● **TASK GOAL**: Exactly as written, copy every line from the one containing "Cet ornement drôle" through the end of the records, with the pictures left out.

● **TASK INPUT**:
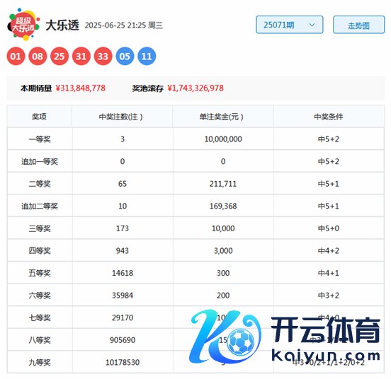 上期开奖:体彩大乐透第2025071期开奖号码为:01 08 25 31 33 + 05 11。
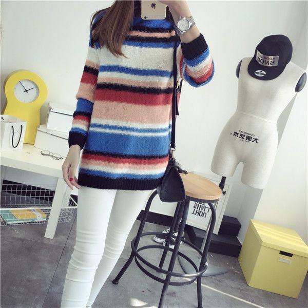 廠家直銷女裝新款外套毛衣女套頭彩虹韓版2015寬松學(xué)生冬裝秋款 /
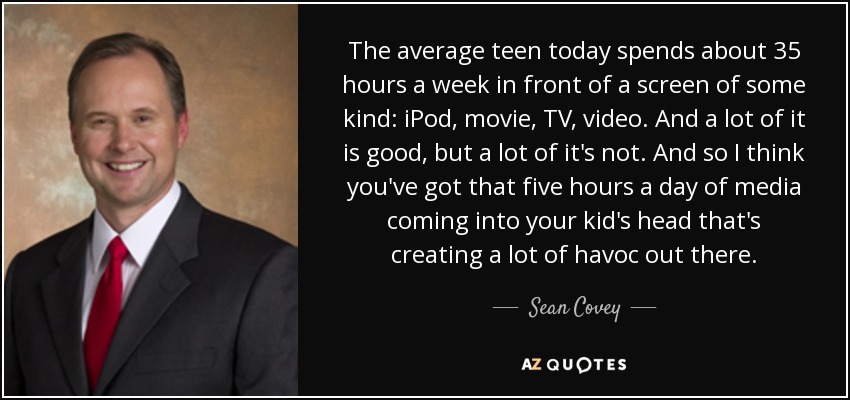 The average teen today spends about 35 hours a week in front of a screen of some kind: iPod, movie, TV, video. And a lot of it is good, but a lot of it's not. And so I think you've got that five hours a day of media coming into your kid's head that's creating a lot of havoc out there.
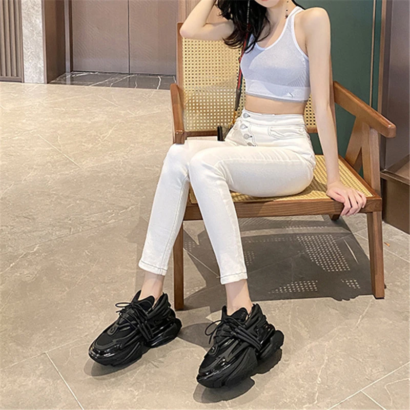 Women's Platform Fashion Sneakers Bullet Spaceship Casual Chunky Shoes Men
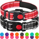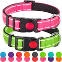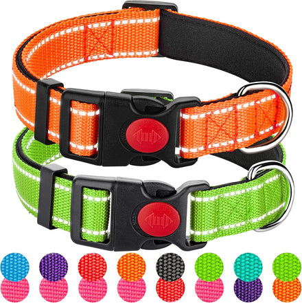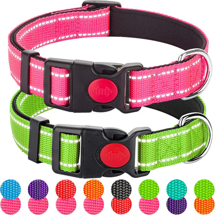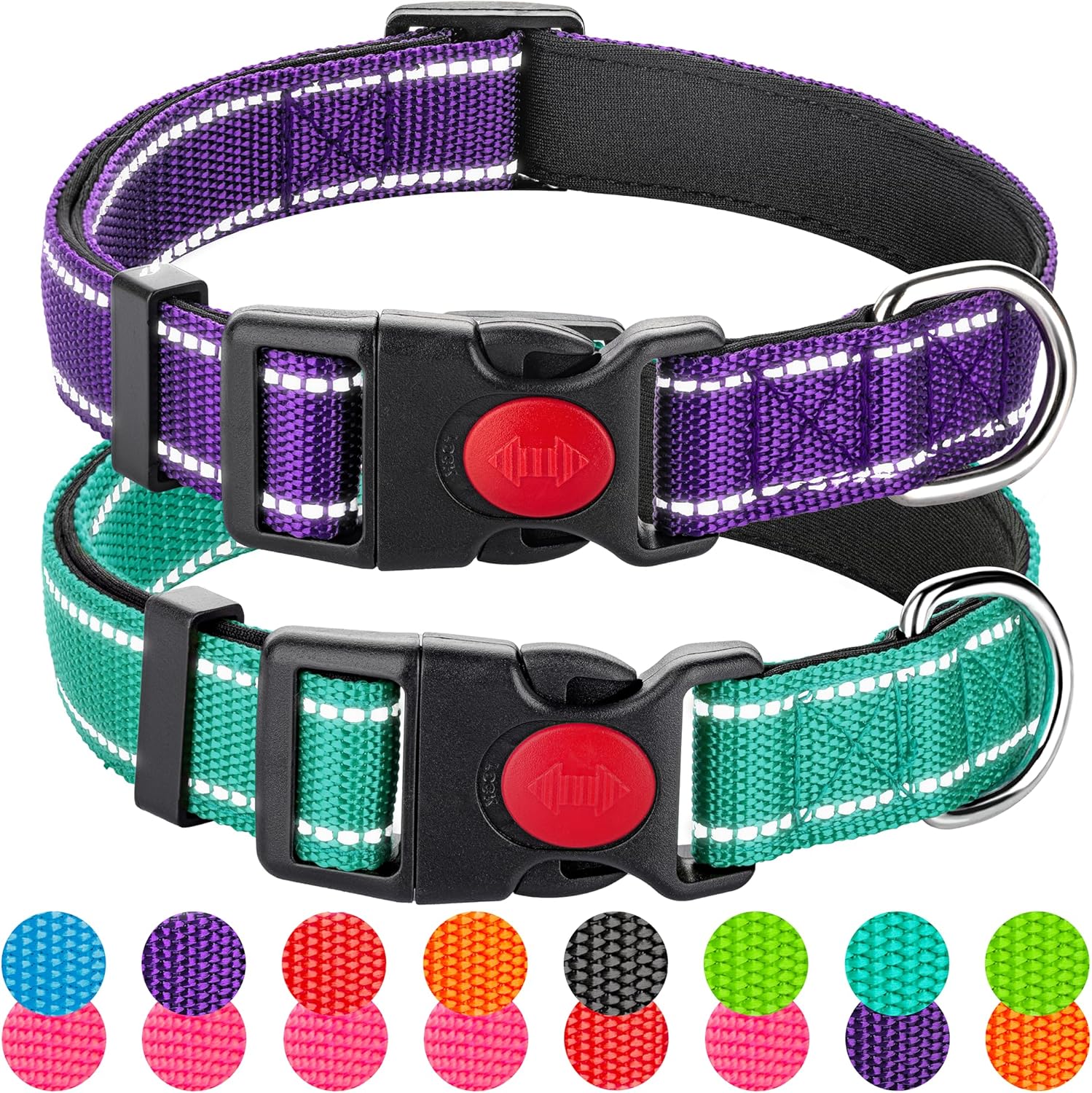 - Safty Buckle Our reflective dog collars are high-quality, quick-release safety buckles for effortless length adjustment and easy on/off. Our buckle dog collar provides a comfortable fit and One-touch locking to prevent breaking free of the basic dog collar.
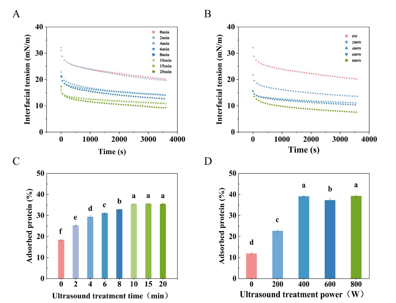 图2 超声处理后麦胚蛋白界面张力和界面吸附变化
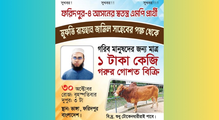 এবার এক টাকা কেজি গরুর গোশত বিক্রির ঘোষণা এমপি প্রার্থীর!
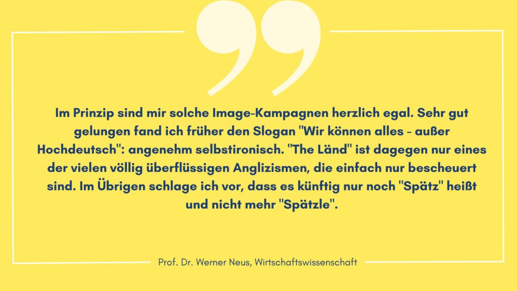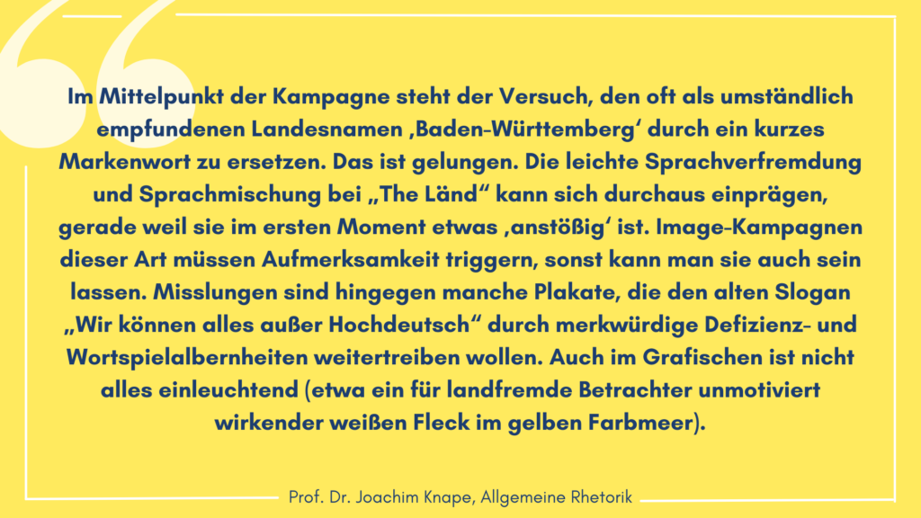 Baden-Württemberg. Mit schwarz-gelben Bildern verschafft sich das süddeutsche Bundesland ein neues Image – mit dem Motto „The Länd“. Das Land warb zuvor seit 1999 mit dem Spruch „Wir können alles. Außer Hochdeutsch.“ Jetzt spielt die Imagekampagne mit dem schwäbischen Wort „Ländle“ und dem Artikel „The“ in der neuen Sprache Schwänglisch.
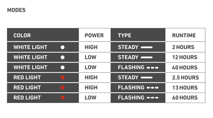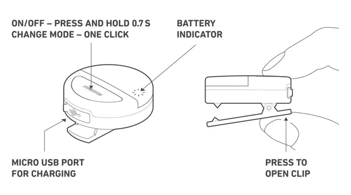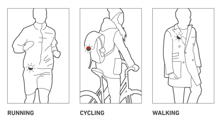 Luktūram ir dažādi režīmi, kas nodrošina dažādu darbības ilgumu (skat. attēlus). Atstarotāju ar vienu klikšķi var piestiprināt pie apģērba, somas vai jebkuras vietas, kur iespējams piestiprināt. Atstarotāju varat izmantot arī dažādās aktīvās nodarbībās, piemēram, skrienot, braucot ar velosipēdu, ejot utt.
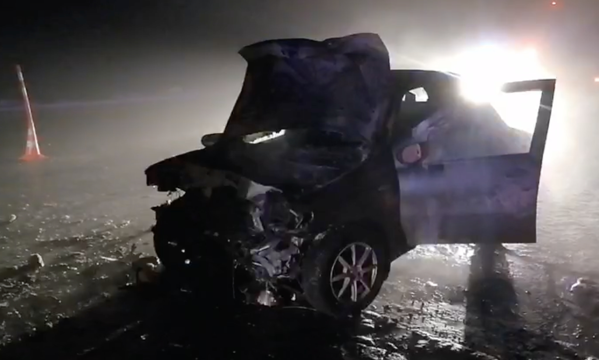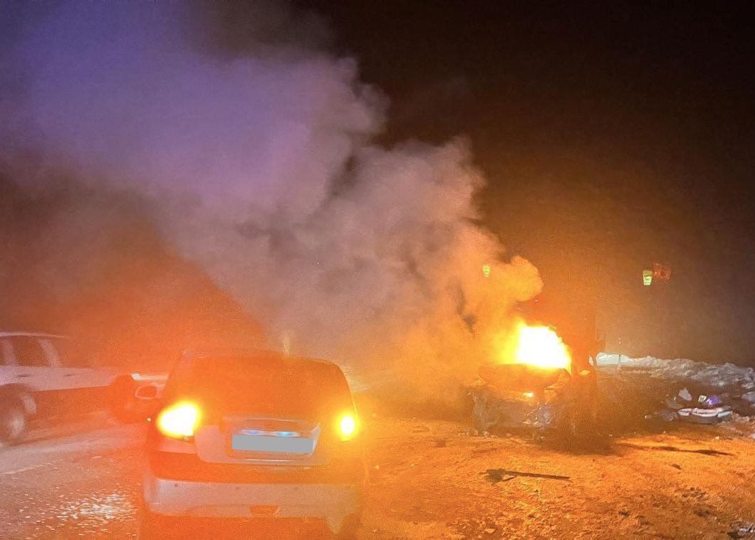 По информации дорожной полиции, здесь столкнулись «Фиат и «Хёндэ». По предварительным данным, «Фиат» по каким-то причинам выехал на встречную полосу. После удара он загорелся.
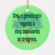 Cet ornement drôle de généalogie comporte la légende "seulement respect de généalogistes un pas en arrière en tant que progrès" sur un arrière - plan vert avec un grand arbre. Cet ornement a l'impression latérale simple, mais est également disponible avec la double impression latérale sur les ornements en céramique. Il est également disponible sur les T-shirts assortis, les boutons, le magnet, les sacs fourre-tout et plus de cadeaux de généalogie d'amusement.
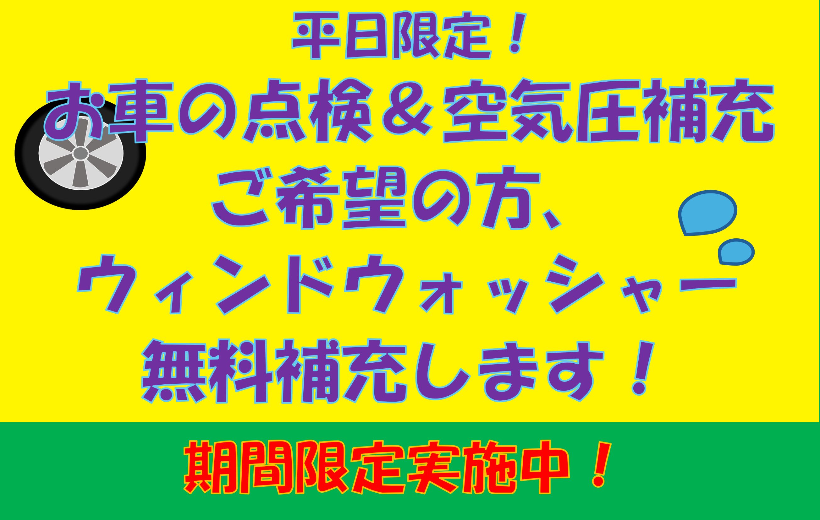 期間限定!平日限定!タイヤの空気圧補充とウィンドウォッシャーも!

● **TASK ANSWER**:
 Cet ornement drôle de généalogie comporte la légende "seulement respect de généalogistes un pas en arrière en tant que progrès" sur un arrière - plan vert avec un grand arbre. Cet ornement a l'impression latérale simple, mais est également disponible avec la double impression latérale sur les ornements en céramique. Il est également disponible sur les T-shirts assortis, les boutons, le magnet, les sacs fourre-tout et plus de cadeaux de généalogie d'amusement.
 期間限定!平日限定!タイヤの空気圧補充とウィンドウォッシャーも!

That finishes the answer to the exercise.